BioSig Technologies: A Short Setup Brewing in a Four-Day Week
Short weeks can make for good shorts. Start this four-day week by adding BioSig Technologies, Inc. (BSGM) to your watch list. The company's shares may be expensive to borrow, but this disaster waiting to happen is too good to ignore.
BioSig's stock ran up 90% last week to close at $5.28 per share on Friday for no apparent reason except that it was in danger of delisting just three weeks before. A 10-Q filed on Friday revealed that as of Mar. 31, 2025, the company had just $3.7 million in cash after burning through $1.1 million in the first quarter. To say that the situation raises substantial doubt is an understatement.
BioSig generates no meaningful revenue and finances its operations mainly through sales of equity. In the first quarter, the company netted $3.8 million from selling 4.4 million shares in an at-the-market (ATM) offering underwritten by H.C. Wainwright & Co., LLC. The shares were sold under a shelf registration and an $8.5 million prospectus supplement that is still effective and capacious.
But as BioSig's stock price and cash balance have dwindled, the company has turned to less favorable cash sources. On Feb. 28, 2025, BioSig entered into an equity subscription agreement with Lind Global Fund III, LP, managed by notorious dilution financier The Lind Partners, LLC.
BioSig can draw on the subscription agreement like a credit line, periodically issuing advance notices to Lind to sell a certain number of shares. If Lind agrees, BioSig will issue the shares to the fund at a 5% discount to the lowest daily volume-weighted average price (VWAP) during a five-day (or agreed-upon) period. The discount will incentivize Lind to immediately sell the shares, putting downward pressure on the stock price. The subscription agreement lasts for 36 months, during which BioSig may sell up to 10 million shares--about 25% of its current shares outstanding.
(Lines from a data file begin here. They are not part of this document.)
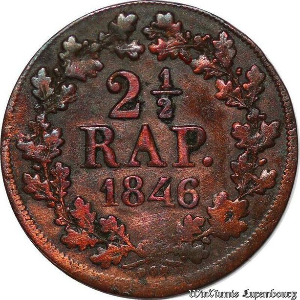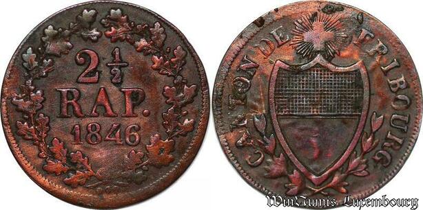 S1606 Swiss Switzerland Freiburg Fribourg Canton 2 1/2 Rappen Kreuzer 1846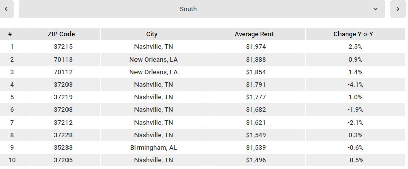 И пока некоторые Манхэттенские ZIP командуют парадом, есть много городских районов, где вы можете легко найти достойную квартиру наполовину или даже на две трети дешевле. Почтовые индексы 67213, 67211 и 67218 в Уичито, Канзас, предлагают среднюю арендную плату ниже 470 долларов. Другие места с оплатой ниже 500 долларов включают Мемфис, Теннесси, с тремя почтовыми индексами, и большую часть города Декейтер, штат Алабама. В нижней части списка преобладают рынки Южного и Среднего Запада. На западе арендная плата, как правило, выше, но Тусон, Аризона с индексом 85711 предлагает $ 571, самый дешевый вариант арендной платы к западу от Уичито.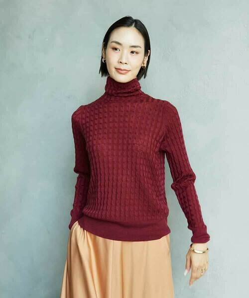ほどよいシアー感とラメのきらめきが上品なハイネックニット。立体的なケーブル柄が華やかさを演出し、すっきりとしたシルエットで洗練された印象に仕上がります。一枚での着こなしはもちろん、ニットベストやジャケットのインナーとしても最適。秋冬のレイヤードスタイルに映える万能アイテムです。
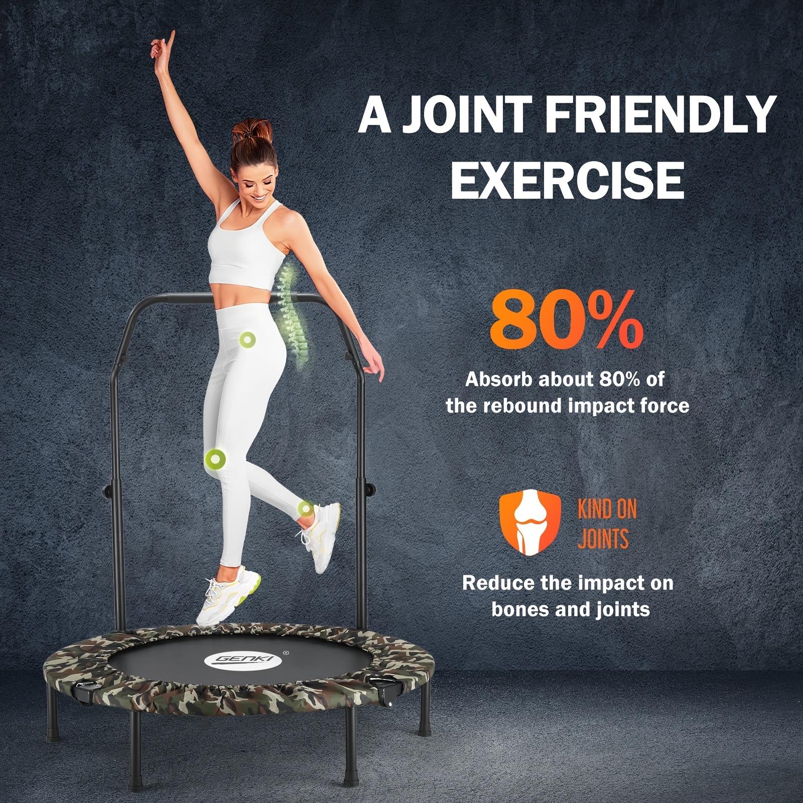 The Genki Trampoline Bounce Rebounder is an excellent choice for anyone looking for a fun and effective way to incorporate cardio into their fitness routine. With its adjustable handrail, spacious frame, and low-impact design, it offers a great way to enhance your fitness without risking joint strain.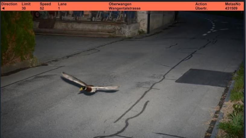 【星岛综合报道】超速的未必是车,可能是绿头鸭?瑞士警方在社交媒体上表示,早前首都附近Koniz小镇的测速镜头录得超速案件,翻查“快相”后,发现超速的竟然是一只绿头鸭。据称这只绿头鸭是当地超速“惯犯”。
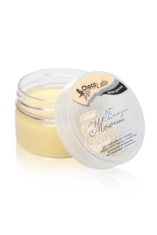 Бальзам-масло для рук "Молочный" с молочными протеинами серии TM ChocoLatte - это нежнейшая композиция специально подобранных натуральных масел, экстрактов, витаминов, эфирных масел и других ценных ин... Показать описаниегредиентов. Предназначен для сухой кожи рук и кутикулы, глубоко питает, смягчает, способствует длительному увлажнению, восстанавливает эластичность. Удивите кожу рук с помощью ароматного Бальзам-масла от ТМ ChocoLattе - это мощный инструмент против трещин и шероховатой кожи. Теперь твои ручки в порядке!Состав: масла: ши, кокоса, зародышей пшеницы, миндальное, льна; воск сои, д-пантенол, масляный экстракт ванили, молочный белок, сквалан, экстракты: алоэ вера, яблока, косточки винограда, эхинацеи, корня лопуха, рисовой мучели, цедры лимона, плюща, листа шелковицы; витамины А и Е. Применение: небольшое количество бльзама нанести на сухую или влажную кожу рук, локтей или кутикулу до полного впитывания. При необходимости излишки снять салфеткой. Хранить вдали от прямых солнечных лучей.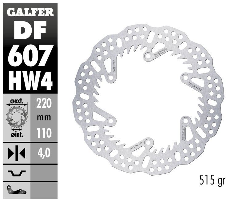 I dischi “Disc Wave®” rappresentano l’esempio migliore di Ricerca e Sviluppo di Galfer. I dischi Galfer vengono prodotti con macchine a taglio laser utilizzando la miglior qualità di acciaio inossidabile. Le tecnologie di produzione derivano direttamente dalle competizioni e rese disponibili a tutti gli utenti. Il montaggio non richiede staffe o parti supplementari e sono compatibili ai ricambi originali. Il disco freno “Disc Wave®” è una proprietà intellettuale di Industrias Galfer SA protetta da brevetto in Europa ed America.

However, an even worse fate may await BioSig shareholders. On May 5, 2025, the company entered into a letter of intent to merge with Streamex Exchange Corp., a privately held Canadian blockchain concern. Under the proposed transaction, Streamex shareholders would initially receive about 20% of BioSig's common stock. But they would also get convertible preferred stock that, upon conversion, would increase their ownership to about 75%, leaving BioSig’s existing shareholders with a greatly reduced 25% stake.
The merger is subject to due diligence, completion of definitive documents, and regulatory approvals by the SEC and Nasdaq. But given BioSig’s liquidity concerns and Streamex’s quick path to a Nasdaq listing via merger, this could be a Q3 2025 event.
Expect downward pressure on the stock price in the next one to three months as newly issued shares enter the float and weigh on the price. Although the company has stabilized its bid price at $1.00 for now, the substantial volume of new shares and dilution from warrants will likely erode support levels, especially if there’s any downturn in market sentiment or delays in funding.